Was passiert, wenn sich eine Art zu schnell entwickelt? Dann könnte sie in eine evolutionäre Sackgasse geraten. Im Prinzip bedeutet das, dass sie aktuell zu erfolgreich ist für eine gute Zukunft. Aus ursprünglich erfolgreichen Innovationen ergeben sich Sackgassen, die sich längerfristig als nachteilig herausstellen und ein Risiko für das Fortbestehen der Art darstellen. Die Menschheit droht laut des schwedischen Wissenschaftlers Peter Søgaard Jørgensen in 14 solche evolutionäre Fallen zu geraten: «So wie viele Insekten vom Licht angezogen werden, also einem evolutionären Reflex, der sie in der modernen Welt töten kann, so besteht auch für die Menschheit das Risiko, dass sie auf neue Phänomene in einer schädlichen Art und Weise reagiert.»

Ein Beispiel für eine solche evolutionäre Sackgasse ist die Vereinfachung der Agrarsysteme. Das Vertrauen auf wenige hochproduktive Pflanzen wie Weizen, Reis, Mais und Soja habe bewirkt, dass die im Verlauf des vergangenen Jahrhunderts hergestellten Kalorien sprunghaft angestiegen sind. Gleichzeitig sei das Nahrungsmittelsystem sehr anfällig für Veränderungen der Umwelt geworden. Würde nun ein global auftretender Krankheitserreger eine dieser Nahrungsquellen vernichten, so würde die Weltgemeinschaft vor einem riesigen Problem stehen.

Tatsächlich sieht es nicht besonders gut aus für die Menschheit, denn wir stecken laut Søgaard Jørgensen bereits tief in 12 der 14 evolutionären Sackgassen. Und der Trend geht dazu, dass wir uns immer weiter in alle 14 Sackgassen hineinmanövrieren. Beispiele dafür sind:

  • Erhöhte Ansteckungsgefahren durch die globale Vernetzung, was sich in Pandemien wie der von Covid-19 äussert
  • Chemische Umweltverschmutzung durch die Herstellung komplexer und zersetzungsresistenter Stoffe, die lange in der Umwelt verbleiben und Menschen und dem Ökosystem schaden
  • Technologisches Kräftemessen zwischen Nationen, was auch zur Entwicklung destruktiver Inventionen wie Massenvernichtungswaffen führt
  • Desinformationen verbreiten sich durch Digitalisierung schneller und effizienter (Fake-News)
  • Ausbeutung natürlicher Ressourcen, welche sich weniger schnell regenerieren können, als sie verbraucht werden

«Besorgniserregend ist auch, dass sich die evolutionären Fallen gegenseitig verstärken», so Peter Søgaard Jørgensen.

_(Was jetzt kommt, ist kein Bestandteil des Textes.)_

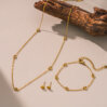 Set Acero Danza Dorada ajustable entre talla 6 y 8, set por 2 unidades. Diseño clásico y delicado para usarlo con tu ropa preferida, ya sea deportiva, formal o informal con un toque muy femenino, elegante y de moda. Para ver otros diseños disponibles en collares para mujer, da clic aca.
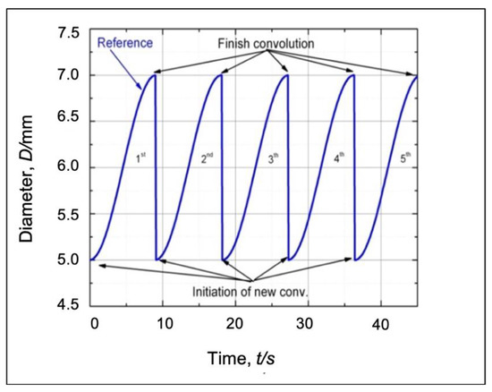 In the real bellows geometry, the outer diameter of the bellows target shape is a function of the x domain (D (x)). In the real-time monitoring, the control program is run under a time series. Therefore, it is necessary to construct a diameter reference in the time domain. According to the sequence of bellows formation that we had obtained by employing a FEM from our previous work, bellows formation is a cyclic process. A series of bellows height has a specific period as shown in Figure 10.
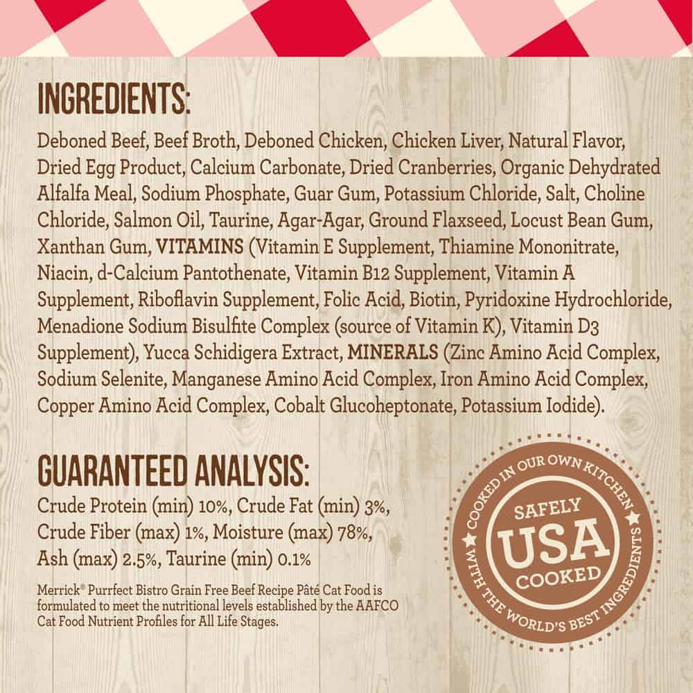 Merrick Purrfect Bistro Beef Pate Grain Free Canned Cat Food Ingredients:

Der übermässige Verbrauch von Ressourcen zum Beispiel heizt lokale und globale Konflikte an. Bleiben Gesellschaften in einer Sackgasse stecken, ist es wahrscheinlicher, dass das auch bei anderen der Fall sein wird, so der Experte.

Die Forschungsergebnisse bedeuten jedoch nicht, so die Studie, dass die Menschheit dazu verdammt sei, zu scheitern. Es sei jedoch nötig, dass sich die Gesellschaften aktiv transformierten. Søgaard Jørgensen nach ist es an der Zeit, sich der neuen Lage bewusst zu werden und sich kollektiv in die Richtung zu bewegen, wohin sich die ganze Spezies entwickeln soll. Angesichts des Interessenskonflikts zwischen aktuellem Vorteil und langem Fortbestand der Gesellschaft, die viele der evolutionären Sackgassen ausmachen, bleibt es jedoch fraglich, ob die Menschheit kollektiv dazu in der Lage ist.